### Directions for this task
Look below for the line containing "由表2可見,線路板廠廢水經過處理后,出水各由表2可見,線" and the line containing "Mid-calf grained sheepskin", then set down both and every line between them exactly, without pictures.

### Stored records
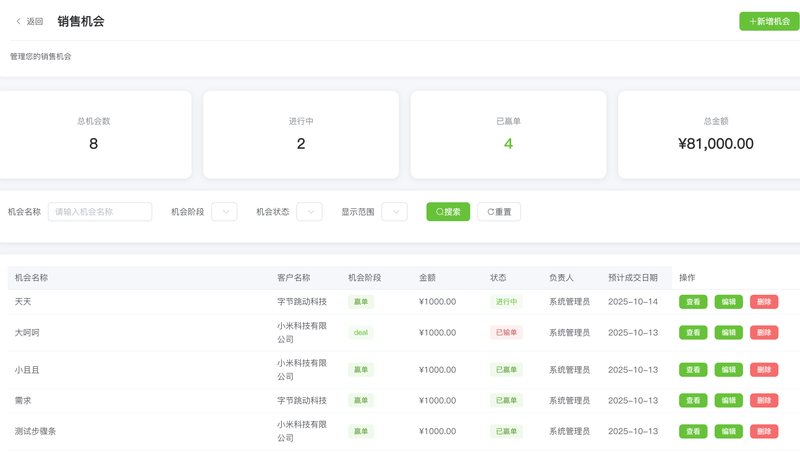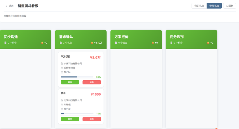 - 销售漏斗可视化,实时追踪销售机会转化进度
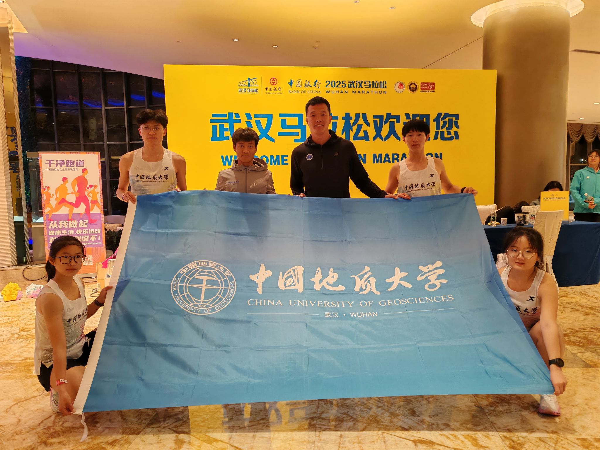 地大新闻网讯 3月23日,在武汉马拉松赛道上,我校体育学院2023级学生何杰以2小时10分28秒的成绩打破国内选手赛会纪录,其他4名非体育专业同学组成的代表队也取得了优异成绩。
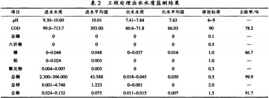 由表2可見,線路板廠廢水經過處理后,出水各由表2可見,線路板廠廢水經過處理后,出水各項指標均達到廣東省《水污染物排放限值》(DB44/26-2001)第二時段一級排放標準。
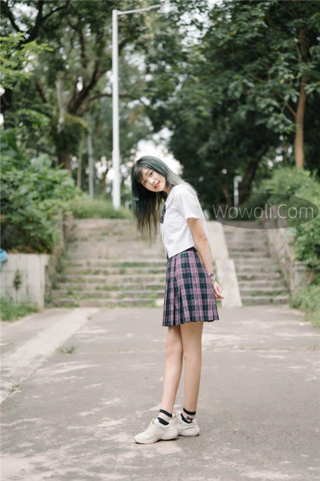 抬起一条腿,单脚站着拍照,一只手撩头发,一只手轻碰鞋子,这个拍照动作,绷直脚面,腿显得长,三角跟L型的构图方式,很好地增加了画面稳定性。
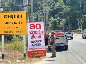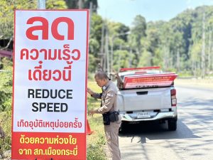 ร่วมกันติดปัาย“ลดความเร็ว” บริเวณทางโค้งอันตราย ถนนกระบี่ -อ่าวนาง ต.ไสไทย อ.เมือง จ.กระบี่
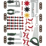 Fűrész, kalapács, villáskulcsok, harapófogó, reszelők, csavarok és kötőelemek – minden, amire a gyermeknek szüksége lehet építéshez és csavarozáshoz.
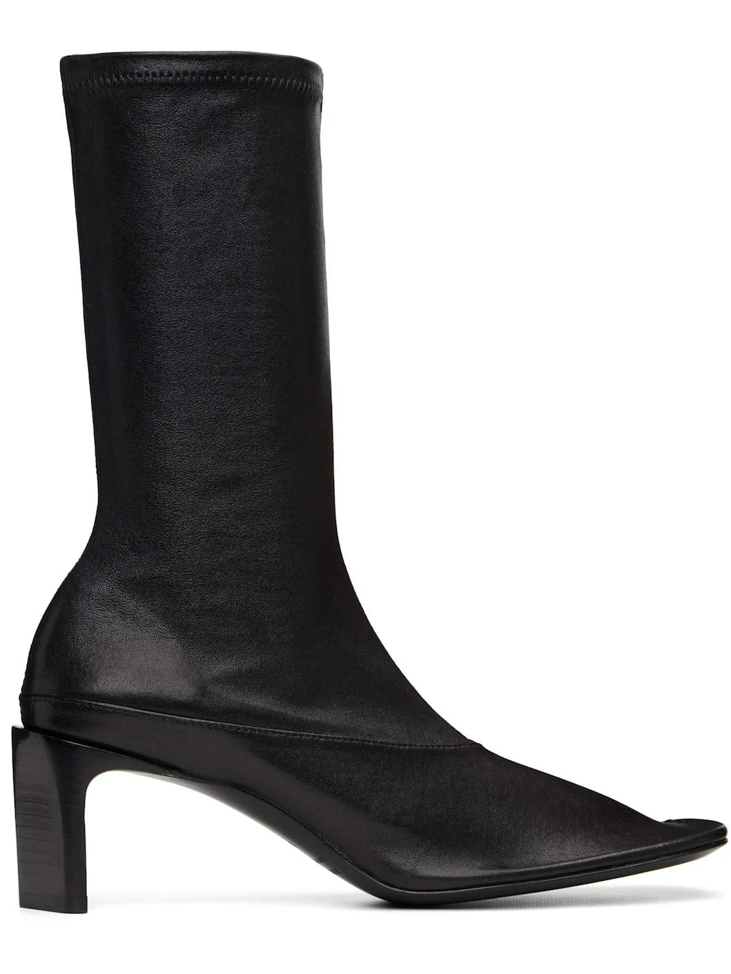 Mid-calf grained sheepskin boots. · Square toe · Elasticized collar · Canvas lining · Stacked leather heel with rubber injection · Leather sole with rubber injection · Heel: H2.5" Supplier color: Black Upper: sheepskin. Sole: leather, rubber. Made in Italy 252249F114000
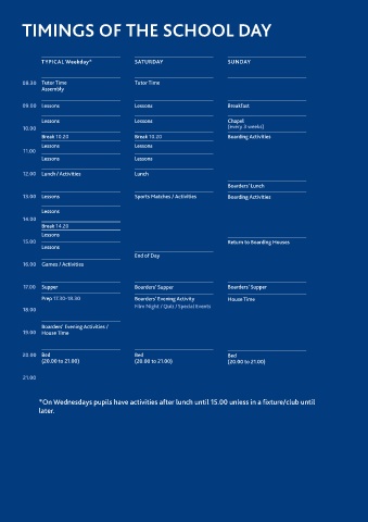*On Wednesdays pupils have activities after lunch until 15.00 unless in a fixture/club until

### Written response
 由表2可見,線路板廠廢水經過處理后,出水各由表2可見,線路板廠廢水經過處理后,出水各項指標均達到廣東省《水污染物排放限值》(DB44/26-2001)第二時段一級排放標準。
 抬起一条腿,单脚站着拍照,一只手撩头发,一只手轻碰鞋子,这个拍照动作,绷直脚面,腿显得长,三角跟L型的构图方式,很好地增加了画面稳定性。
 ร่วมกันติดปัาย“ลดความเร็ว” บริเวณทางโค้งอันตราย ถนนกระบี่ -อ่าวนาง ต.ไสไทย อ.เมือง จ.กระบี่
 Fűrész, kalapács, villáskulcsok, harapófogó, reszelők, csavarok és kötőelemek – minden, amire a gyermeknek szüksége lehet építéshez és csavarozáshoz.
 Mid-calf grained sheepskin boots. · Square toe · Elasticized collar · Canvas lining · Stacked leather heel with rubber injection · Leather sole with rubber injection · Heel: H2.5" Supplier color: Black Upper: sheepskin. Sole: leather, rubber. Made in Italy 252249F114000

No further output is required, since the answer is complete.